Maternal serum cytokine concentrations obtained within trimester 1 (approx. 1-12 weeks), trimester 2 (approx. 13-27 weeks), and trimester 3 (approx. 28 weeks—labour). GA: gestational age at sample collection; UR: information unreported in original manuscript; IQR: interquartile range; SD: standard deviation; SE: standard error.

3. Cytokines in Healthy Pregnancy

Interferon-gamma (IFN-γ) is a proinflammatory cytokine secreted as part of the immune response to damage-associated molecular patterns (DAMPs) or pathogen-associated molecular patterns (PAMPs), by immune cells including natural killer (NK) and Th1 cells [29]. The active protein interacts with a heterodimeric receptor comprising IFN-γR1 and IFN-γR2, resulting in the activation of the JAK-STAT signalling pathway to coordinate immune responses [30]. IFN-γ is a key mediator in response to viral pathogens [31, 32] and tumours [33]. At the maternal-fetal interface, IFN-γ contributes to the establishment and maintenance of successful pregnancy, mediating endometrial vascular remodelling and angiogenesis [34]. One study observed significant increasing mean concentrations of IFN-γ between the first, second, and third trimesters of healthy pregnancy (91.05 pg/mL, 124.50 pg/mL, and 131.05 pg/mL, respectively) [35], while others reported significantly lower IFN-γ concentrations in the third trimester compared to the first [36, 37] and second [38] trimesters.
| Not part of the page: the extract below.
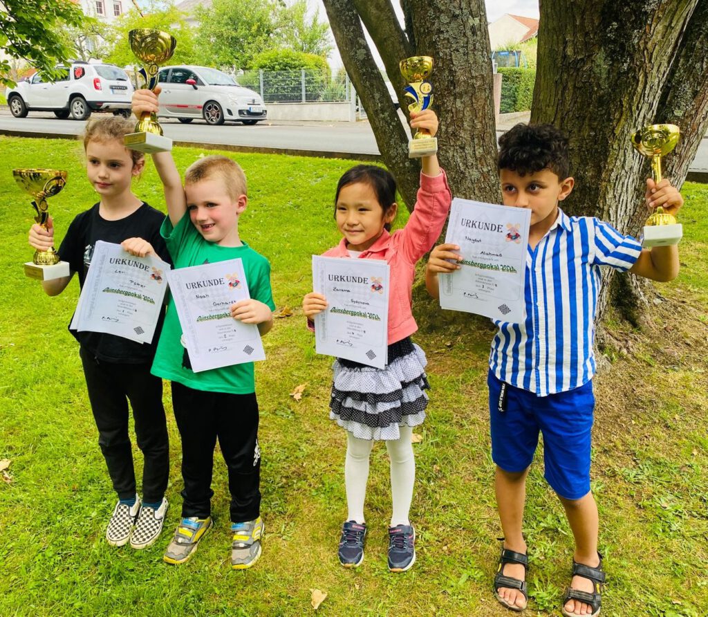 Bereits ein Wochenende später am 22. Juni beim Dünsbergpokal gingen Till in der U16, sowie Noah und Weiyi in der U8 an den Start. Till holte in dem starken Teilnehmerfeld 3,5 Punkte, Weiyi freute sich über 3 Punkte und mit 5,5 Punkten aus den 7 Runden konnte Noah sich diesmal über den Pokal für den zweiten Platz freuen. Die Tabellen aller Altersklassen gibt es hier.

Another study detected higher IFN-γ concentrations in the third trimester compared to the second [39]. The study participants, however, were overweight and obese which may have influenced their results as obesity is associated with elevated cytokine concentrations including IFN-γ [40]. High IFN-γ concentrations may also reflect subclinical or asymptomatic infections. Owing to the antiviral activity of IFN-γ, controlling for infections is an important factor which restricts comparability of data. While some studies included in this review adjusted for the presence or absence of infection or took infection into consideration when including/excluding participants [38, 41], others did not specify this criterion [39, 42]. Meanwhile, a recent study showed no significant change in maternal serum IFN-γ concentrations across 4 time points (10, 12, 19, and 24 weeks) [43]. From the existing data discussed, there is no obvious trend or pattern to the changes in IFN-γ and any changes observed may reflect the role of IFN in inflammation owing to infection.
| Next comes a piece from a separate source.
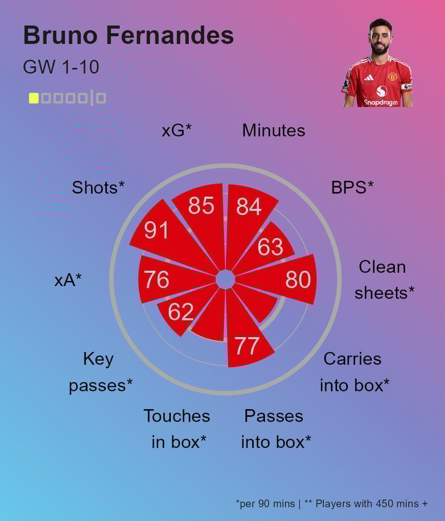 Bruno Fernandes is also fairly high in the midfielder rankings for xG and shots per 90. But he lags behind Garnacho in xG, shots, and touches and carries into the box, and will eat a bigger hole in your budget (£8.2m vs £6.3m).

Tumour necrosis factor (TNF)-α is a proinflammatory cytokine which is encoded on chromosome 6 and acts through TNF receptors (TNFR1 and TNFR2) expressed by most cells of the immune system [44]. Apart from its key role in inflammatory responses against infection [45], TNF-α is an important regulator of normal cell function, influencing vital biological processes including cell proliferation [46], apoptosis [47], and the production of other cytokines such as IL-6 [48]. Apoptosis is a critical process to regulate placenta trophoblast cell survival in normal pregnancy [49]. TNF-α binding to TNFR1 can mediate cell death through interactions with the TRAAD adaptor protein and fas-associated death domain (FAAD) or survival through the binding of TRAAD, TNF receptor-associated factor (TRAF), and the receptor interaction protein [50]. In healthy pregnancy, maternal serum TNF-α concentrations are significantly higher in the second and third trimesters compared to the first [51]. Another study found that mean TNF-α concentrations significantly increased between the first, second, and third trimesters of healthy pregnancy (108.00 pg/mL, 153.01 pg/mL, and 172.89 pg/mL, respectively) [35]. Others have also observed significantly higher TNF-α concentrations in the third trimester compared to early pregnancy [52, 53]. Significant increases in maternal serum TNF-α concentrations are also reported between the first and second [54, 55] and the second and third trimesters [56]. In contrast, others detected a significant reduction in maternal serum TNF-α concentrations between the first and third trimesters [36, 37]. There is also evidence of no change in TNF-α between various time points across healthy pregnancy [38, 43, 5761]. Overall, it is likely that TNF-α concentrations increase as gestation progresses albeit not excessively and may support the increased metabolic needs associated with pregnancy.

Interleukin-6 (IL-6) is a pleiotropic cytokine largely produced by monocytes and macrophages but also by other immune and nonimmune cells including T cells and endothelial cells. In the innate immune response, macrophages secrete IL-6 in response to PAMPs which are bound to pattern recognition receptors. When secreted, IL-6 moves to the liver where it stimulates production of acute phase proteins such as C-reactive protein (CRP) [62], thereby promoting inflammation. IL-6 mediates embryo implantation and placental development [63]. Maternal serum IL-6 concentrations significantly increase during healthy pregnancy [64]. Others also reported significantly higher IL-6 concentrations in the third trimester in comparison to samples collected earlier in pregnancy [35, 59, 65, 66]. Repeated sampling in the first half of healthy pregnancy has shown that IL-6 concentrations decrease between the first and second trimesters [43]. In contrast, data from another study suggests the opposite, reporting higher IL-6 concentrations in the second trimester compared to the first trimester [54]. Notably, while several studies in this review found that IL-6 concentrations significantly increase during healthy pregnancy, others reported no significant change [36, 38, 55, 56, 61, 6770].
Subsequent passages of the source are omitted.